Kudo K, Xi Y, Wang Y, Song B, Chu E, Ju J, Russo JJ, Ju J - Nucleic Acids Res. (2010)

Bottom Line: These chaperones provide an anchor with which to separate actively translating mRNAs associated with polysomes from free mRNAs.Affinity capture beads were developed to capture hsp70 chaperones associated with the polysome complexes.In contrast, the protein expression and polysome-associated mRNA levels of both genes were increased.
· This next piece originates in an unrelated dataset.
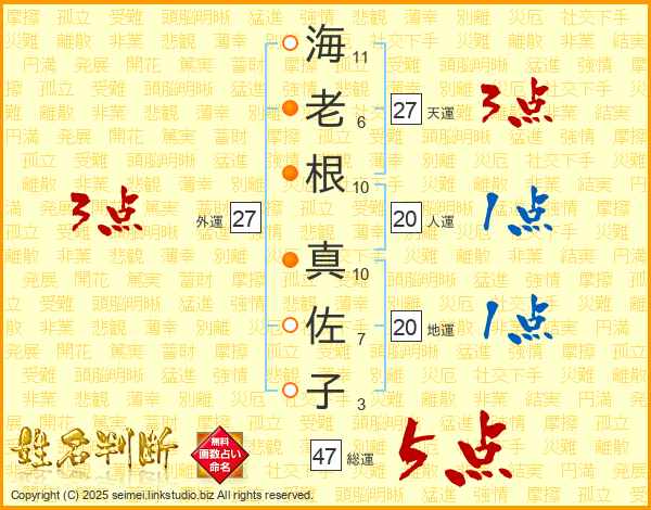 海(11画)老(6画)根(10画) 真(10画)佐(7画)子(3画)
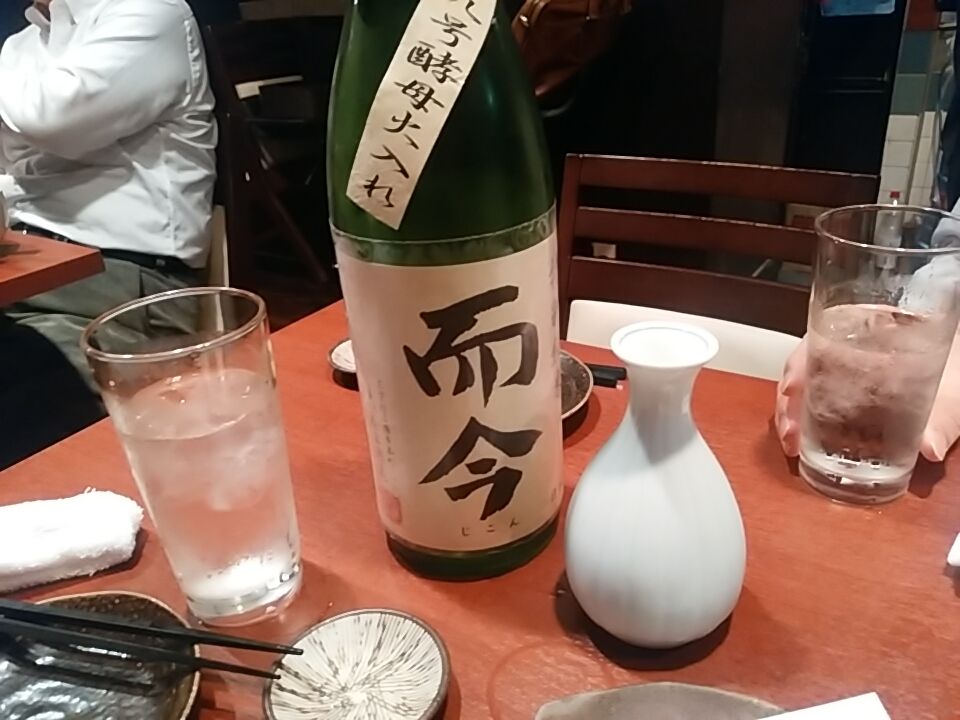 日本酒が豊富。注文すると証として瓶を置いてくれる。画像は而今(じこん)

View Article: PubMed Central - PubMed

Affiliation: Mitchell Cancer Institute, Mobile, AL 36688, USA.

ABSTRACT
We have developed a new approach to systematically study post-transcriptional regulation in a small number of cells. Actively translating mRNAs are associated with polysomes and the newly synthesized peptide chains are closely associated with molecular chaperones such as hsp70s, which assist in the proper folding of nascent polypeptides into higher ordered structures. These chaperones provide an anchor with which to separate actively translating mRNAs associated with polysomes from free mRNAs. Affinity capture beads were developed to capture hsp70 chaperones associated with the polysome complexes. The isolated actively translating mRNAs were used for high-throughput expression profiling analysis. Feasibility was demonstrated using an in vitro translation system with known translationally regulated mRNA transcript thymidylate synthase (TS). We further developed the approach using HCT-116 colon cancer cells with both TS and p53 as positive controls. The steady-state levels of TS and p53 mRNAs were unaltered after 5-fluorouracil treatment as assessed by real-time qRT-PCR analysis. In contrast, the protein expression and polysome-associated mRNA levels of both genes were increased. These differences in translational rate were revealed with our new approach from 500 cells. This technology has the potential to make investigation of translational control feasible with limited quantities of clinical specimens.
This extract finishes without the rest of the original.